DATA EXTRACT.
------
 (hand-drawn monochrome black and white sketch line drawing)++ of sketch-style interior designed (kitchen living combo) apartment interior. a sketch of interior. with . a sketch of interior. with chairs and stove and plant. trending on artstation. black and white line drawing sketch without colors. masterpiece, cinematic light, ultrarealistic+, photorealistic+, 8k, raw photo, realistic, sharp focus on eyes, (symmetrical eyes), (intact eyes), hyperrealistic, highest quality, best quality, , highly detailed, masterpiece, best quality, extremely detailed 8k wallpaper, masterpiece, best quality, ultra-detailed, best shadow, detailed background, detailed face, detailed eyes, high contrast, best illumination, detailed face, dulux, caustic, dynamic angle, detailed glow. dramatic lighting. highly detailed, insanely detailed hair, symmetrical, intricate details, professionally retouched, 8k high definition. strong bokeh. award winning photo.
------
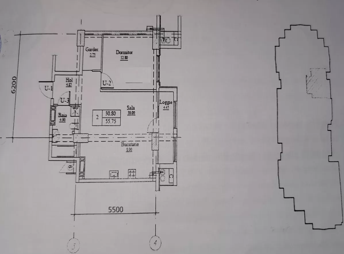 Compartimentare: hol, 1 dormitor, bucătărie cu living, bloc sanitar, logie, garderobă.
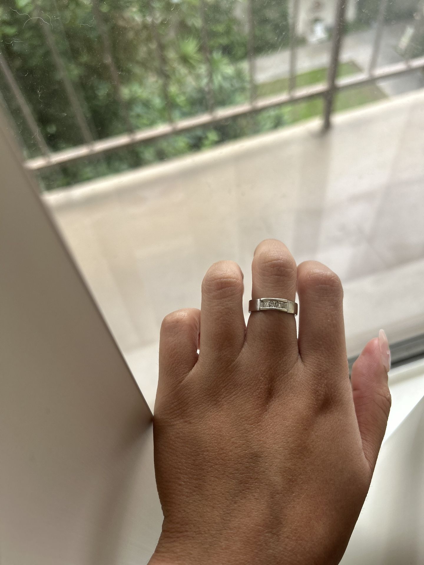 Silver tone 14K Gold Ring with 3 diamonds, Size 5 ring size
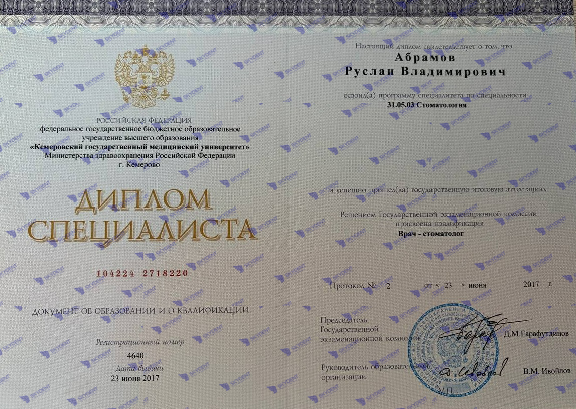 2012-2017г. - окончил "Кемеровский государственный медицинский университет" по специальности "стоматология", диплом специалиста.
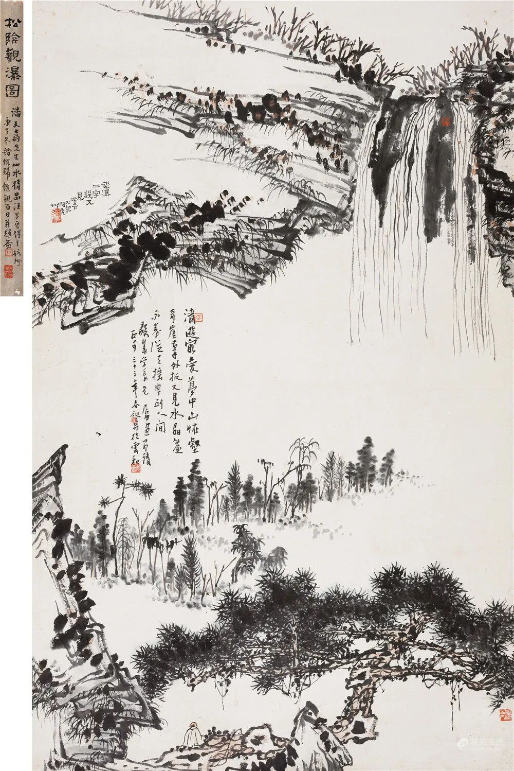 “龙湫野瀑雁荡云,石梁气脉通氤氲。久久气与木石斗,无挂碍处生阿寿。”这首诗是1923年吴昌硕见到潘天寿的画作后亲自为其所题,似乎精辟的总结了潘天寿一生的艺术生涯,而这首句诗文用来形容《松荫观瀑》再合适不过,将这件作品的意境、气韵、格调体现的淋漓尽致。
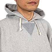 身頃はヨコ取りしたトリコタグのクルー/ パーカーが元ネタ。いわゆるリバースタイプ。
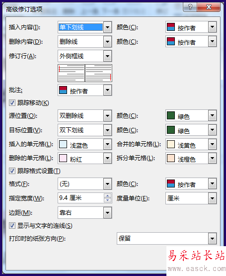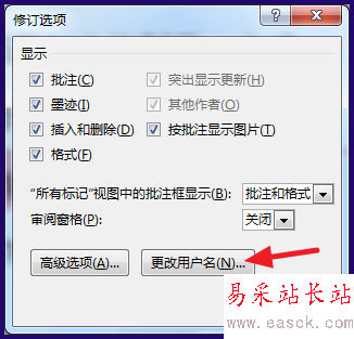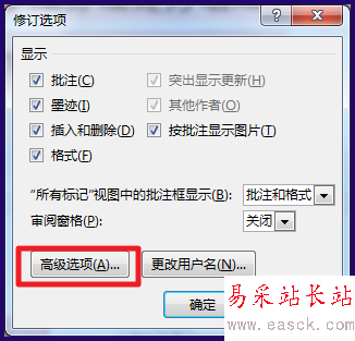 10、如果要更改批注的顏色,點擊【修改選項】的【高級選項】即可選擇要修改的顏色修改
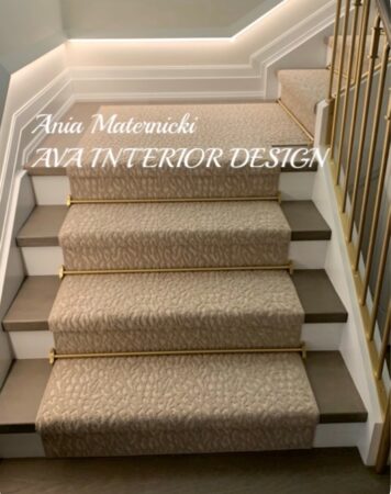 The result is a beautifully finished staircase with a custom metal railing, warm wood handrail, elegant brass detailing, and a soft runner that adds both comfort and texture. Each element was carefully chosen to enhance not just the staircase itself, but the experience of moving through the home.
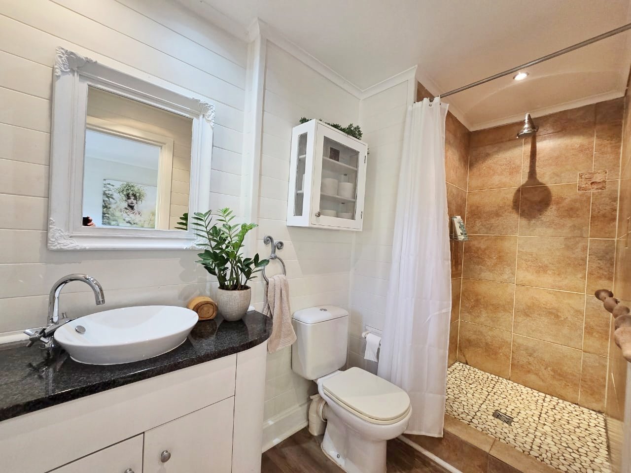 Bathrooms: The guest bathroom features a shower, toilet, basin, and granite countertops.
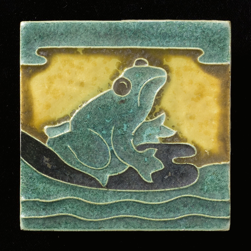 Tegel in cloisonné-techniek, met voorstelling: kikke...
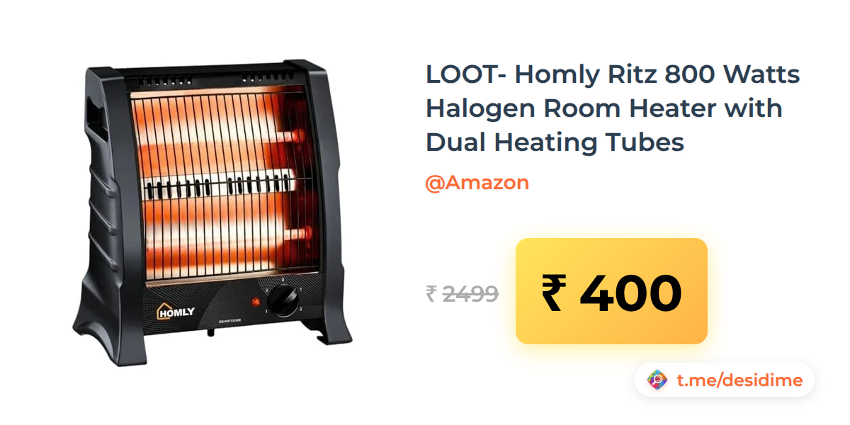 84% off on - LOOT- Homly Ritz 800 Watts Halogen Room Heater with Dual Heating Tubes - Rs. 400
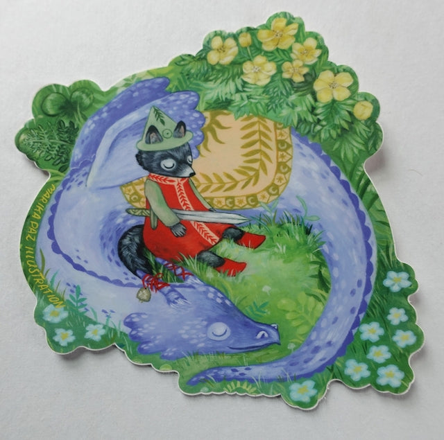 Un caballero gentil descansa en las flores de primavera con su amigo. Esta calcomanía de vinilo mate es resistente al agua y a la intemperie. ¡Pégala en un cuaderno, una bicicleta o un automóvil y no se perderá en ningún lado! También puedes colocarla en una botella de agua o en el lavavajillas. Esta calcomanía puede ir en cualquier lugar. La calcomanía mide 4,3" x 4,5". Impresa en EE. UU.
------
EXERCISE REQUIREMENTS. Only the lines starting at the one that includes "身頃はヨコ取りしたトリコタグ" and ending at the one that includes "Un caballero gentil" should be retyped, exactly, from the records above; no pictures.

REPLY TO THE TASK.
 身頃はヨコ取りしたトリコタグのクルー/ パーカーが元ネタ。いわゆるリバースタイプ。
 10、如果要更改批注的顏色,點擊【修改選項】的【高級選項】即可選擇要修改的顏色修改
 The result is a beautifully finished staircase with a custom metal railing, warm wood handrail, elegant brass detailing, and a soft runner that adds both comfort and texture. Each element was carefully chosen to enhance not just the staircase itself, but the experience of moving through the home.
 Bathrooms: The guest bathroom features a shower, toilet, basin, and granite countertops.
 Tegel in cloisonné-techniek, met voorstelling: kikke...
 84% off on - LOOT- Homly Ritz 800 Watts Halogen Room Heater with Dual Heating Tubes - Rs. 400
 Un caballero gentil descansa en las flores de primavera con su amigo. Esta calcomanía de vinilo mate es resistente al agua y a la intemperie. ¡Pégala en un cuaderno, una bicicleta o un automóvil y no se perderá en ningún lado! También puedes colocarla en una botella de agua o en el lavavajillas. Esta calcomanía puede ir en cualquier lugar. La calcomanía mide 4,3" x 4,5". Impresa en EE. UU.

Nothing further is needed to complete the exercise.